Studies 1 and 2 used identical protocols, which lasted 22 h as depicted by the timeline in Fig. 1, including 30 min of moderate exercise (adults: 50% Vo2max; adolescents: OMNI rate of perceived exertion <3) (25), a patient-selected meal (1.08 ± 0.24 g carbohydrate per kg of weight, identical for both admissions), a standardized snack (20 g carbohydrate), and an 18-h CLC on the experimental days. Reference glucose values were obtained using plasma measurements (YSI 2300/2700) at least every hour over the span of the protocol (every 30 min at UVA) and more frequently during and for 1 h after exercise (every 5 and 10 min, respectively) and for an hour after meals (every 10 min). Hypoglycemia was defined as YSI reading <3.9 mmol/L or the occurrence of hypoglycemic symptoms (sweating, trembling, difficulty in thinking, dizziness, or impaired coordination). Hypoglycemia was treated with glucose tablets, the amount of which was left to physician discretion.

Control algorithms.

The control algorithms used by studies 1 and 2—sCTR and eCTR, respectively—were designed and tested in silico using computer simulation (26), and each algorithm had a different focus: in study 1, the emphasis was on safety and prevention of hypo- and hyperglycemia, while in study 2, the emphasis was on tight glycemic control. Nevertheless, as outlined above, both control algorithms relied on the same modular architecture and belonged to the same CTR class (23).

Modular architecture.

The modular architecture of the CTR system comprises 1) the bottom system layer (SSM), which operates continuously and is in charge of prevention of hypoglycemia—the major barrier to tight glycemic control (27); 2) the middle layer (range control module), which is responsible for real-time correction of insulin dosing and is different in sCTR and eCTR; and 3) the top layer, which tunes the real-time control layer using clinical parameters and historical data, which was done off-line in this implementation. The communications between the CGM sensor, the CTR system, and the insulin pump were handled by the artificial pancreas system (APS) software (28).
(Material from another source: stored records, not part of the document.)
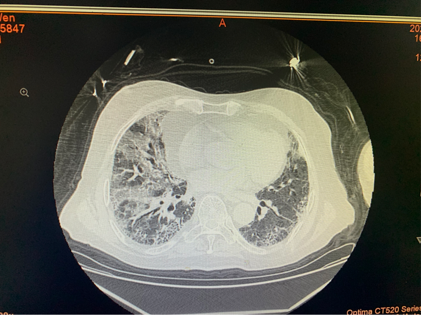 1月1日夜间10点,刚从科室回到家的江敏接到一位风湿病患者家属的电话,电话中焦急地说老父亲胸闷气憋的不行了,在来我院的路上。江敏知道这是位类风湿关节炎合并重症间质性肺炎的患者,一但合并病毒性肺炎,其病情将是雪上加霜,非常危重,所以她立即提前联系好高频呼吸湿化治疗仪及相关设备。当晚10:30患者入院时,呼吸困难,指脉氧只有72%,病情十分危急,立即给予高频呼吸湿化治疗仪,1小时后患者就已经呼吸平稳,指脉氧达到了100%,患者和家属也都安心下来。1月5日,一位皮肌炎合并间质性肺炎的女性老年患者因咳嗽、气急、呼吸困难来到风湿结缔组织病科求治。急查CT示重症肺炎,病毒性肺炎,肺纤维化。指脉氧只有78%,立即给予高频呼吸湿化治疗仪,给予激素、抗病毒、巴瑞替尼等药物积极治疗……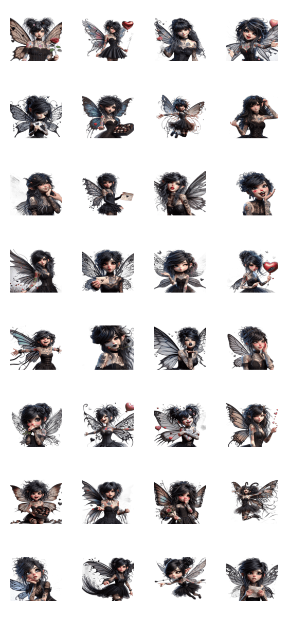 | スタンプ説明 | "蝶のゴシックガール、恥ずかしそうなヒント、誘惑、ダークスタイル、LINEスタンプ、" |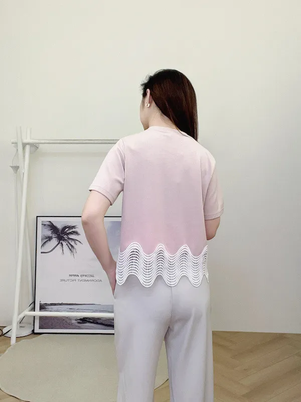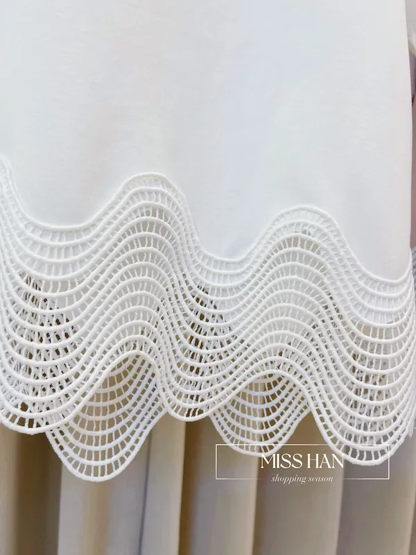 立體波浪下擺: 採用獨特的幾何鏤空織法,交織出優美的波浪弧度,為視覺增添輕盈的層次感。

The two algorithms presented below include the SSM (bottom layer) and different range controllers (middle layer).

sCTR: Study 1.

The two modules of sCTR are the SSM and a standard range control module that avoids prolonged hyperglycemic excursions. Both modules use a real-time estimate of the patient’s metabolic state based on CGM and insulin infusion data. This estimate is used for prediction of the risks of hypo- and hyperglycemia 30–45 min ahead of the event. If a risk for hypoglycemia is predicted, the SSM attenuates automatically any insulin requests proportionally to the predicted risk level. How aggressively the system attenuates insulin is determined with readily available patient characteristics (e.g., body weight, insulin-to-carbohydrate ratio, and basal insulin delivery) (24). If a risk for hyperglycemia is predicted, the range controller introduces a correction bolus using the predicted plasma glucose and the patient’s CSII parameters to reach a predetermined glucose target (8.3 mmol/L); the system injects only half of the computed bolus and can do so once every hour. Premeal boluses are calculated by the patients, based on their usual routine. The meal carbohydrate content was provided to the patient as measured in the clinical research center (CRC) kitchen.

eCTR: Study 2.

The two modules of the eCTR are the SSM and an enhanced range control module based on an MPC algorithm that aims to maintain glycemia in a target range. eCTR also uses insulin-on-board constraints (29) intended to prevent insulin overdose during intensified therapy.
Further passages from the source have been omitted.